- _Prompt_
Each line of the data must reappear exactly in your answer, with no images included.

- _Data records_
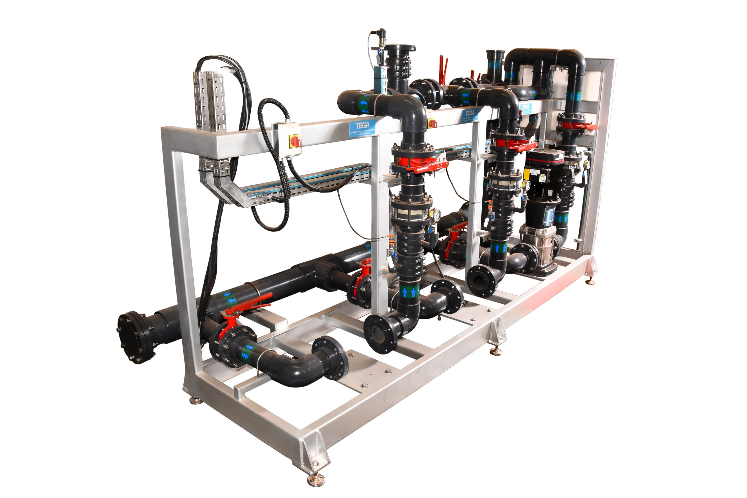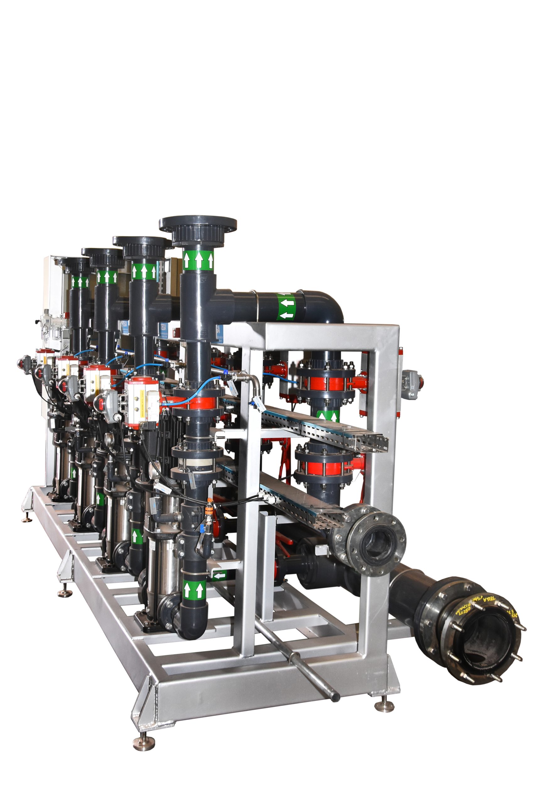 A solução foi concebida em formato SKID, com tubulações em PVC-U, vasos de pressão em PRFV (plástico reforçado com fibra de vidro) e estrutura em aço inox. Esse modelo garante maior flexibilidade, segurança operacional e facilidade de manutenção.
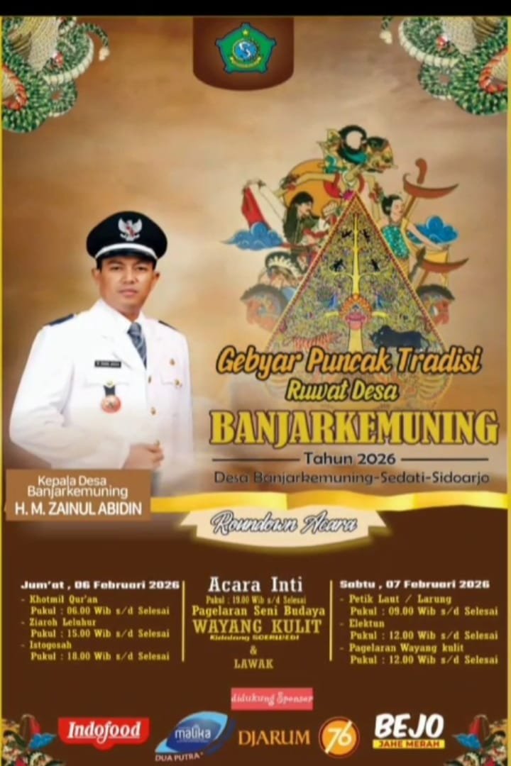 Sidoarjo – Ruwat Desa Banjar Kemuning Tahun 2026 tidak hanya menjadi momentum doa dan pelestarian tradisi, tetapi juga melahirkan karya budaya yang memperkuat identitas desa. Salah satu hal yang paling menyita perhatian dalam rangkaian kegiatan tersebut adalah hadirnya lagu “Banjar Kemuning”, sebuah lagu khusus ciptaan warga setempat, ,Ciptaan . Alwan suyuti / bang tiger yang dipersembahkan untuk Desa Banjar Kemuning, Kecamatan Sedati, Kabupaten
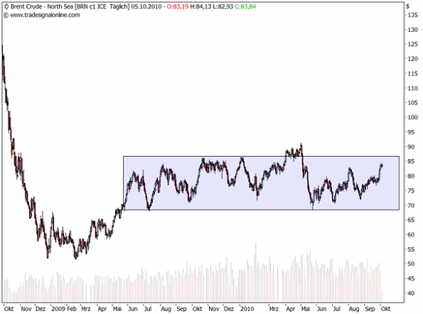 Unter anderem aufgrund der Dollarschwäche befinden sich einige Rohstoffe seit Wochen in einem Aufwärtstrend. Und auch der Ölpreis könnte bald aus seiner Seitwärtsbewegung, die seit Mai dieses Jahres besteht, nach oben ausbrechen. Er ist, wie die meisten Rohstoffe, in Dollar gelistet. Das bedeutet: Wenn der Dollar seinen Abwärtstrend fortsetzt, der sich in den letzten Wochen beschleunigt hat, wird der Ölpreis immer weiter steigen. Es könnte somit eine erneute Ölpreisrally starten, die letzten Endes lediglich Abbild eines immer schwächeren Dollars wäre.
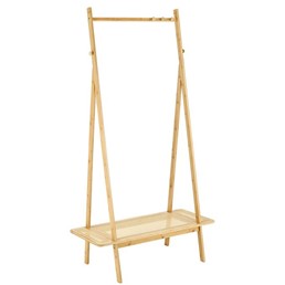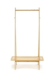 Wieszak WU-33 to nie tylko praktyczny, ale również estetyczny element wyposażenia garderoby czy sypialni. Bambusowe drewno, z którego jest wykonany, jest nie tylko trwałe i mocne, ale również bardzo eleganckie. Naturalny kolor bambusa pasuje do wielu stylów wnętrzarskich i wprowadza do pomieszczenia ciepłą i przyjemną atmosferę. Haki do zawieszania WU-33 montowane są po bokach konstrukcji oprócz drążka, co pozwala na jeszcze większe podwieszenie. Złote wykończenie dodaje elegancji wieszakowi i czyni go oryginalnym. Dodatkowym atutem tego produktu jest półka wykonana z naturalnego rattanu. To idealne miejsce do przechowywania domowych kapci lub innych butów, które chcemy mieć pod ręką.
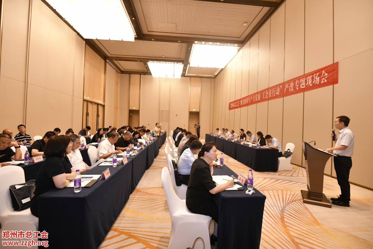 观摩参观后举行的2024年郑州市推进产业工人队伍建设改革工作推进会通报了全市产改工作推进情况,郑州宇通集团有限公司、巩义市、高新区工会相关负责人围绕产改工作的路径方法、亮点特色作交流发言,干货满满。
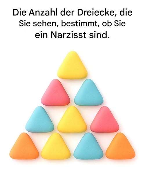 Auf den ersten Blick wirkt das obige Bild simpel: ein paar bunte Dreiecke übereinandergestapelt. Doch bei genauerem Hinsehen ändert sich die Zählweise. Manche sehen neun Dreiecke, andere dreizehn, und einige behaupten sogar, mehr als zwanzig zu erkennen, wenn sie alle versteckten Formen zusammenzählen.
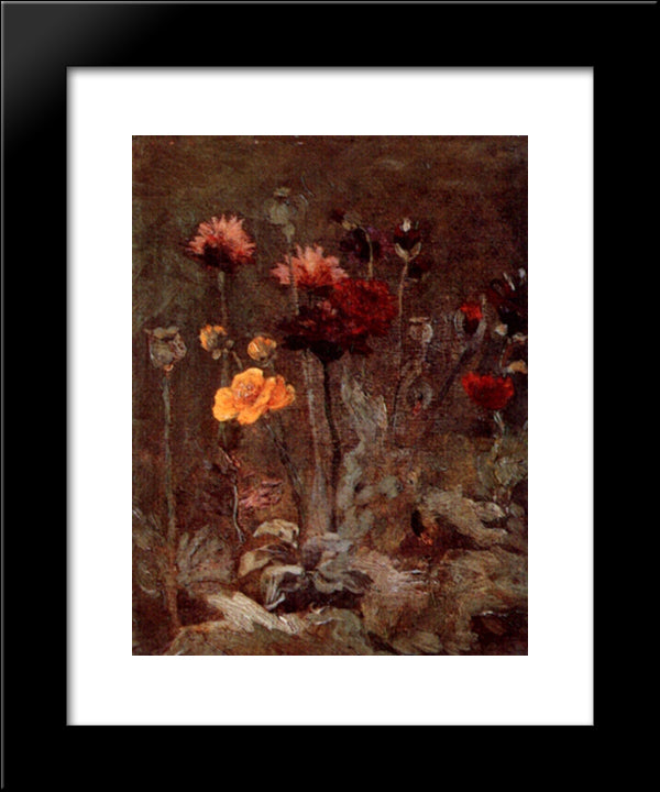 Still Life With Scabiosa And Ranunculus 20x24 Black Modern Wood Framed Art Print Poster by Van Gogh, Vincent
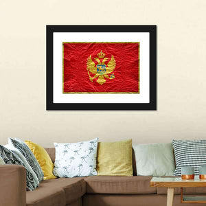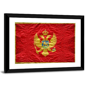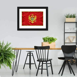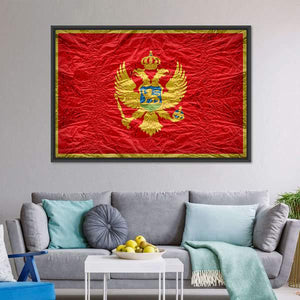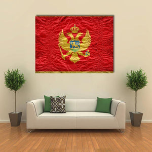 This Montenegro flag canvas centers on the coat of arms with a double-headed eagle, crown, shield, scepter and orb rendered in rich red, gold and touches of blue. The symmetrical, vintage composition creates a regal, historical mood. It suits home settings and modern interiors, such as a living room or study, where a formal, historical accent is desired.

- _Response_
 A solução foi concebida em formato SKID, com tubulações em PVC-U, vasos de pressão em PRFV (plástico reforçado com fibra de vidro) e estrutura em aço inox. Esse modelo garante maior flexibilidade, segurança operacional e facilidade de manutenção.
 Sidoarjo – Ruwat Desa Banjar Kemuning Tahun 2026 tidak hanya menjadi momentum doa dan pelestarian tradisi, tetapi juga melahirkan karya budaya yang memperkuat identitas desa. Salah satu hal yang paling menyita perhatian dalam rangkaian kegiatan tersebut adalah hadirnya lagu “Banjar Kemuning”, sebuah lagu khusus ciptaan warga setempat, ,Ciptaan . Alwan suyuti / bang tiger yang dipersembahkan untuk Desa Banjar Kemuning, Kecamatan Sedati, Kabupaten
 Unter anderem aufgrund der Dollarschwäche befinden sich einige Rohstoffe seit Wochen in einem Aufwärtstrend. Und auch der Ölpreis könnte bald aus seiner Seitwärtsbewegung, die seit Mai dieses Jahres besteht, nach oben ausbrechen. Er ist, wie die meisten Rohstoffe, in Dollar gelistet. Das bedeutet: Wenn der Dollar seinen Abwärtstrend fortsetzt, der sich in den letzten Wochen beschleunigt hat, wird der Ölpreis immer weiter steigen. Es könnte somit eine erneute Ölpreisrally starten, die letzten Endes lediglich Abbild eines immer schwächeren Dollars wäre.
 Wieszak WU-33 to nie tylko praktyczny, ale również estetyczny element wyposażenia garderoby czy sypialni. Bambusowe drewno, z którego jest wykonany, jest nie tylko trwałe i mocne, ale również bardzo eleganckie. Naturalny kolor bambusa pasuje do wielu stylów wnętrzarskich i wprowadza do pomieszczenia ciepłą i przyjemną atmosferę. Haki do zawieszania WU-33 montowane są po bokach konstrukcji oprócz drążka, co pozwala na jeszcze większe podwieszenie. Złote wykończenie dodaje elegancji wieszakowi i czyni go oryginalnym. Dodatkowym atutem tego produktu jest półka wykonana z naturalnego rattanu. To idealne miejsce do przechowywania domowych kapci lub innych butów, które chcemy mieć pod ręką.
 观摩参观后举行的2024年郑州市推进产业工人队伍建设改革工作推进会通报了全市产改工作推进情况,郑州宇通集团有限公司、巩义市、高新区工会相关负责人围绕产改工作的路径方法、亮点特色作交流发言,干货满满。
 Auf den ersten Blick wirkt das obige Bild simpel: ein paar bunte Dreiecke übereinandergestapelt. Doch bei genauerem Hinsehen ändert sich die Zählweise. Manche sehen neun Dreiecke, andere dreizehn, und einige behaupten sogar, mehr als zwanzig zu erkennen, wenn sie alle versteckten Formen zusammenzählen.
 Still Life With Scabiosa And Ranunculus 20x24 Black Modern Wood Framed Art Print Poster by Van Gogh, Vincent
 This Montenegro flag canvas centers on the coat of arms with a double-headed eagle, crown, shield, scepter and orb rendered in rich red, gold and touches of blue. The symmetrical, vintage composition creates a regal, historical mood. It suits home settings and modern interiors, such as a living room or study, where a formal, historical accent is desired.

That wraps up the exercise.